Description of the task:
Give again exactly the lines that run from the start of the records to the line holding "to setup the", both ends counted. Do not include the pictures.
[Provided data — start]
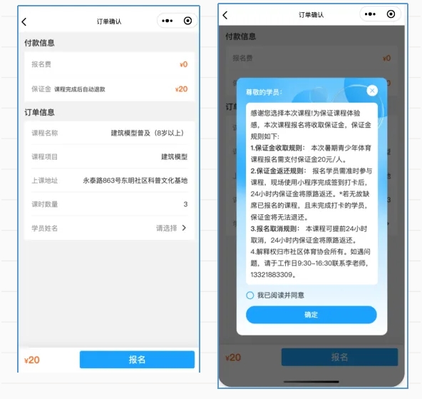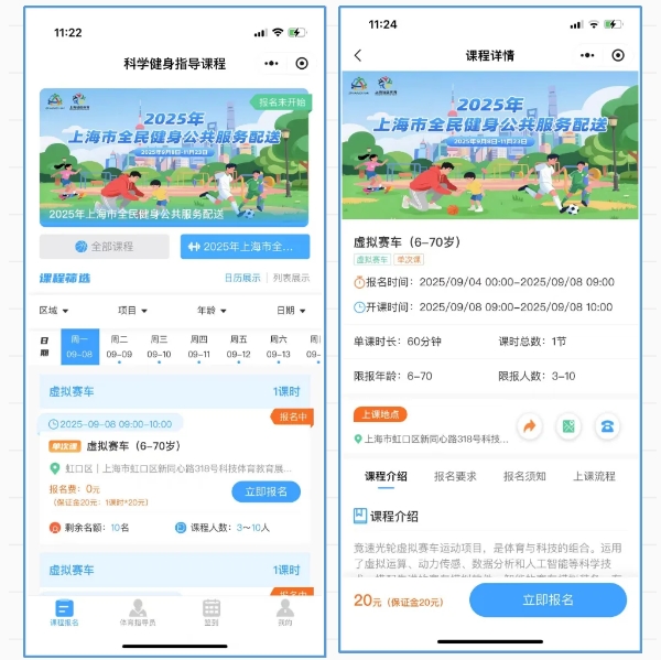 点击小程序链接进入“上海社会体育指导员”微信小程序,即可直接进入活动链接,选择开课日期查看课程安排,点击“报名”按钮查看课程详细信息,添加选择学员信息,支付保证金完成报名(为确保授课质量,此次报名每次课程每课时收取20元保证金,提前24小时(部分课程提前12小时)取消报名或完成上课打卡即可退还)。
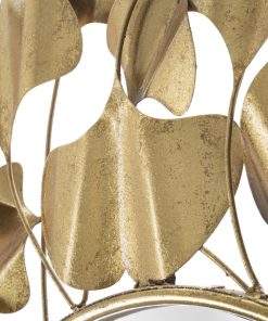 Specchio da parete tondo con ampia cornice composta da una serie di foglioline realizzate in metallo colore oro e in tridimensionale.
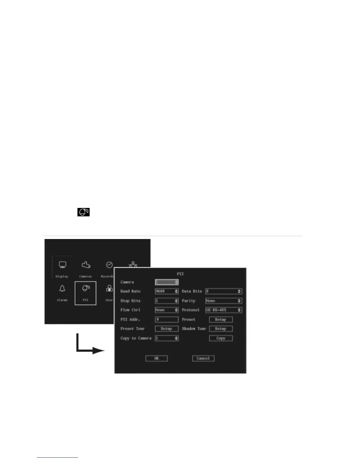 to setup the RS-485 and PTZ parameters to match your PTZ protocol such as:
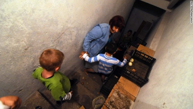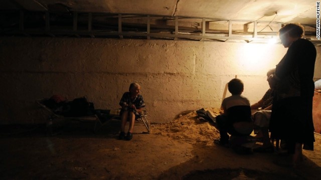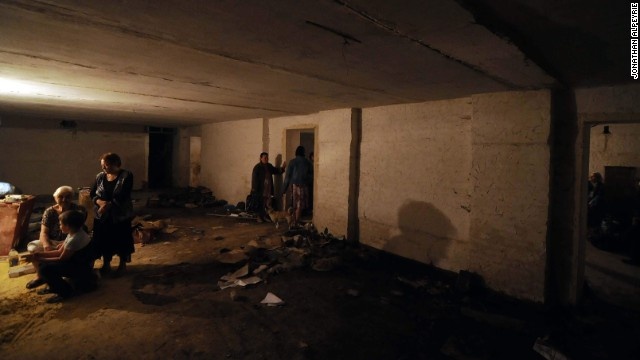 | Người dân địa phương trú ẩn dưới một căn hầm ở Donetsk. Những chiếc hầm này đều được xây dựng từ thời Xô Viết hoặc Thế chiến II. Những người vẫn kẹt lại vùng chiến sự hầu hết đều đã già, không có tiền và không đủ khả năng chạy trốn. |
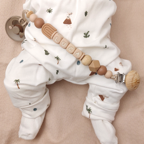 Geef een uniek en duurzaam gepersonaliseerd speenkoord cadeau. Voeg de naam van de baby op het speenkoord toe en je hebt een perfect persoonlijk kraamcadeau voor de baby en ouders die gaan voor gemak.
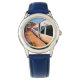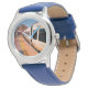 Kinderuhr aus Edelstahl mit blauem Lederarmband
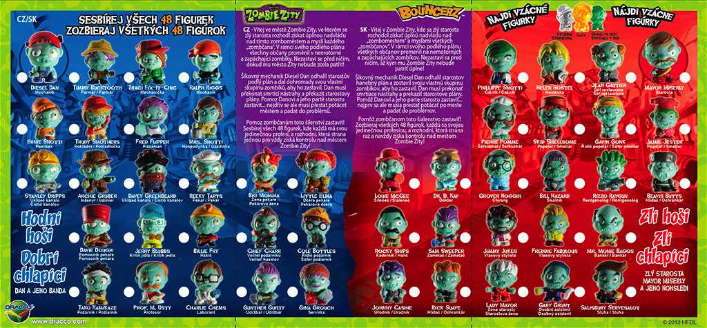 Nová sběratelská kolekce Zombie Zity Bouncerz bude obsahovat 48 gumových skákajících postaviček. Sbírka je obohacena o zcela speciální figurky: zlaté, stříbrné a svítící ve tmě. Díky jedinečným vlastnostem s nimi můžete zažít ještě více legrace a zkusit si zahrát jednu ze zábavných her, ke kterým najdete návod uvnitř balení.
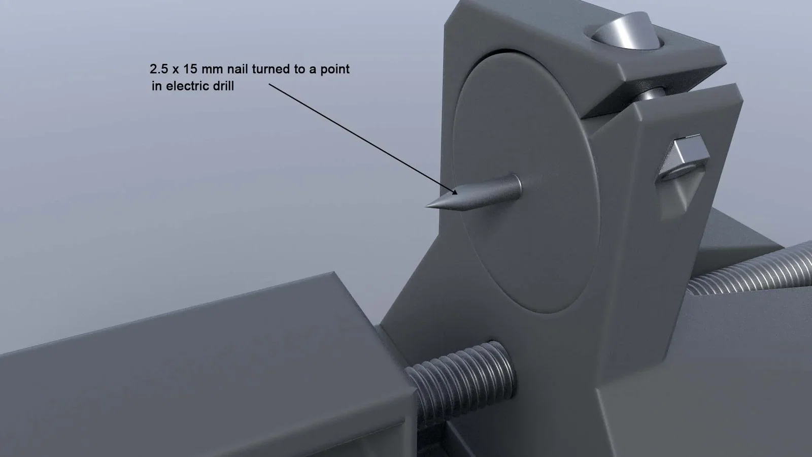 2 x Lò xo giãn 6 mm x 6 mm (khá cứng - để đỡ thân Dremel) Đinh sắt đường kính 2.5 mm x 15 mm (đã mài nhọn cho collet đuôi trục)
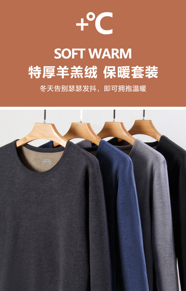 【一套过冬❗️3倍巨厚羊羔绒套装】快速聚热,穿上即暖,蓄热御寒!男士加绒内衣特厚中老年纯色保暖打底圆领睡衣睡裤家居服
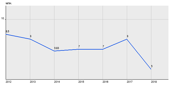 8.5 млн. руб, а в 2018 году - 5 млн. руб. Таким образом, средняя стоимость двухкомнатных квартир в районе "Нагатинский Затон" за
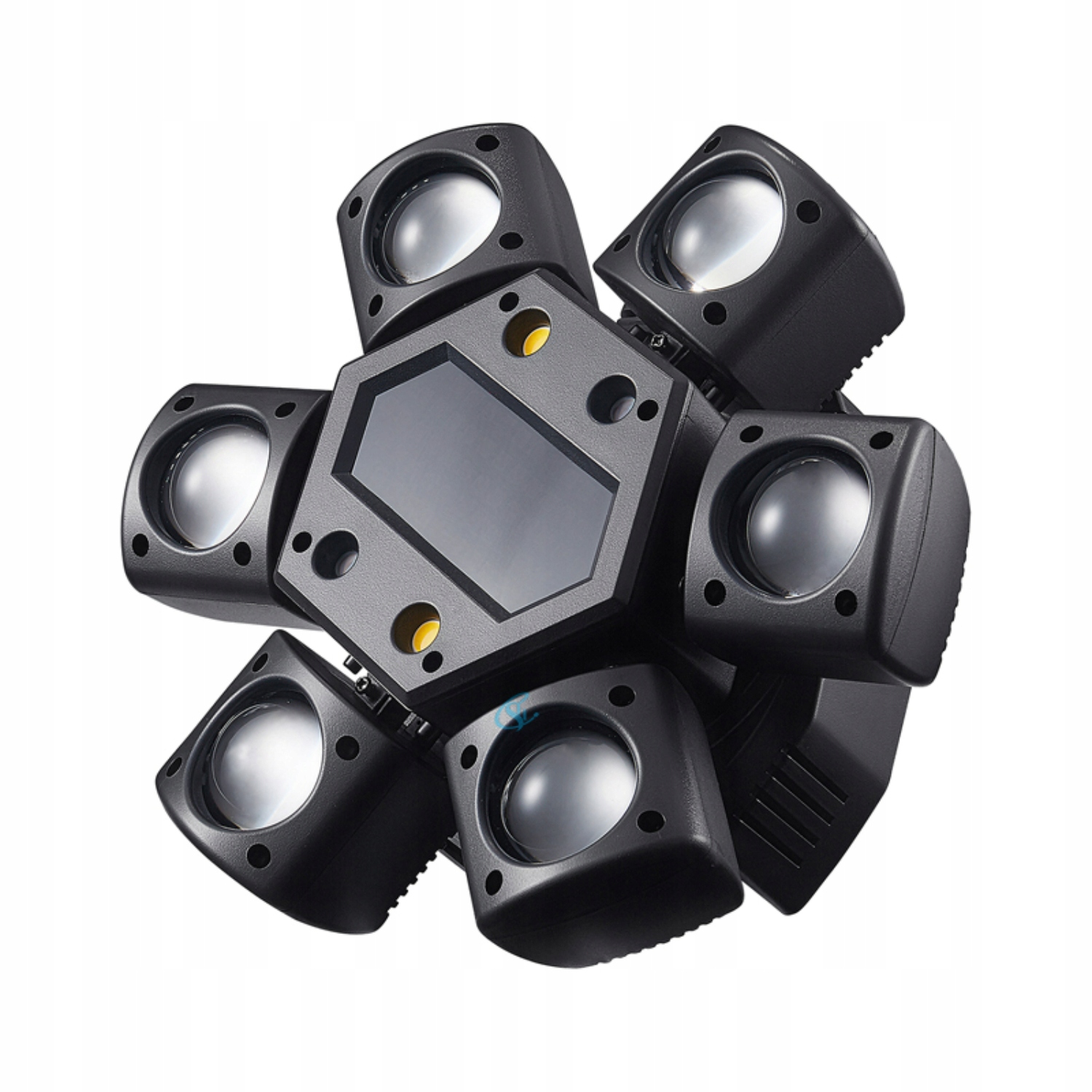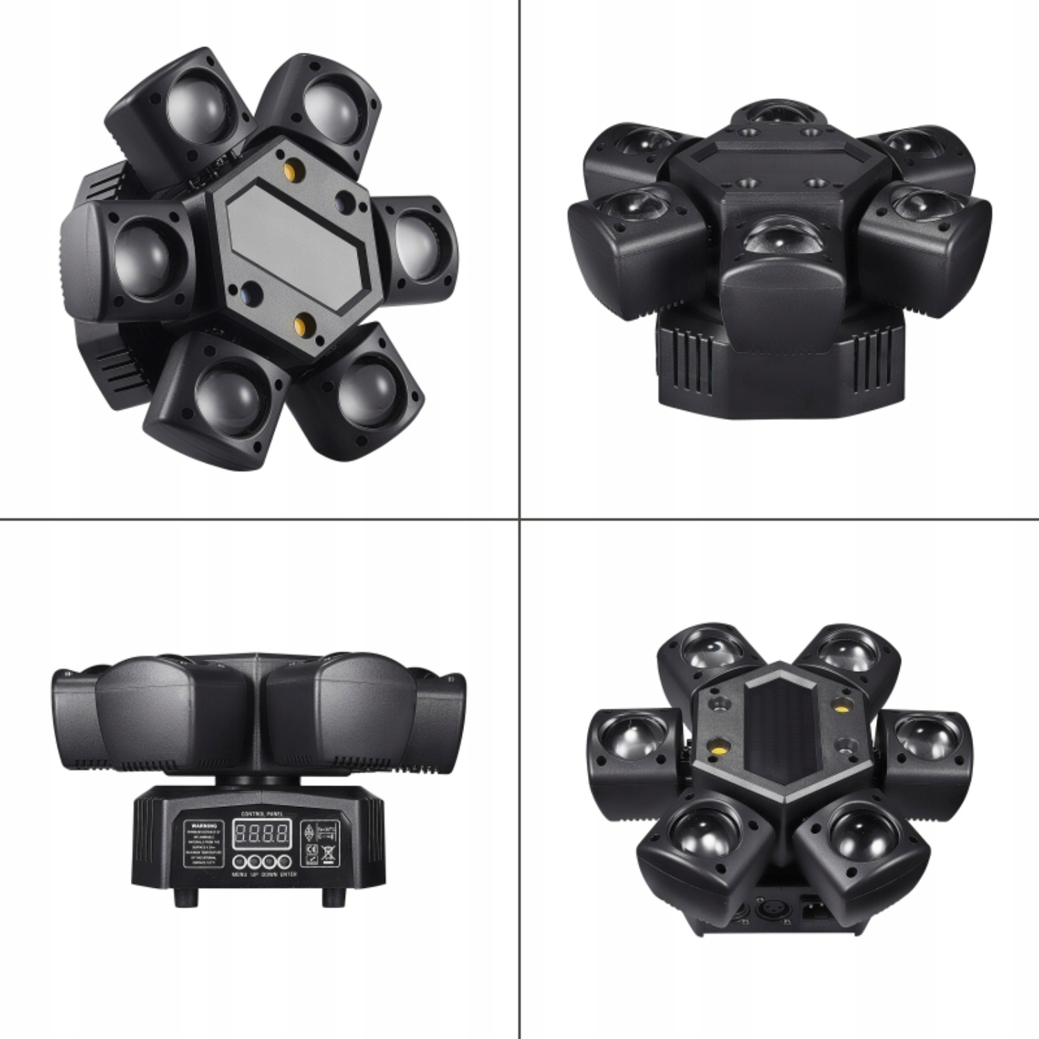 Лучи + лазеры + узоры — все они питаются от 12 светодиодов мощностью 3 Вт, 53 светодиодов RGB и красных/зеленых лазеров. Кроме того, янтарно-белый стробоскоп для более насыщенного эффекта.
[Provided data — finish]
Result of the task:
 点击小程序链接进入“上海社会体育指导员”微信小程序,即可直接进入活动链接,选择开课日期查看课程安排,点击“报名”按钮查看课程详细信息,添加选择学员信息,支付保证金完成报名(为确保授课质量,此次报名每次课程每课时收取20元保证金,提前24小时(部分课程提前12小时)取消报名或完成上课打卡即可退还)。
 Specchio da parete tondo con ampia cornice composta da una serie di foglioline realizzate in metallo colore oro e in tridimensionale.
 to setup the RS-485 and PTZ parameters to match your PTZ protocol such as:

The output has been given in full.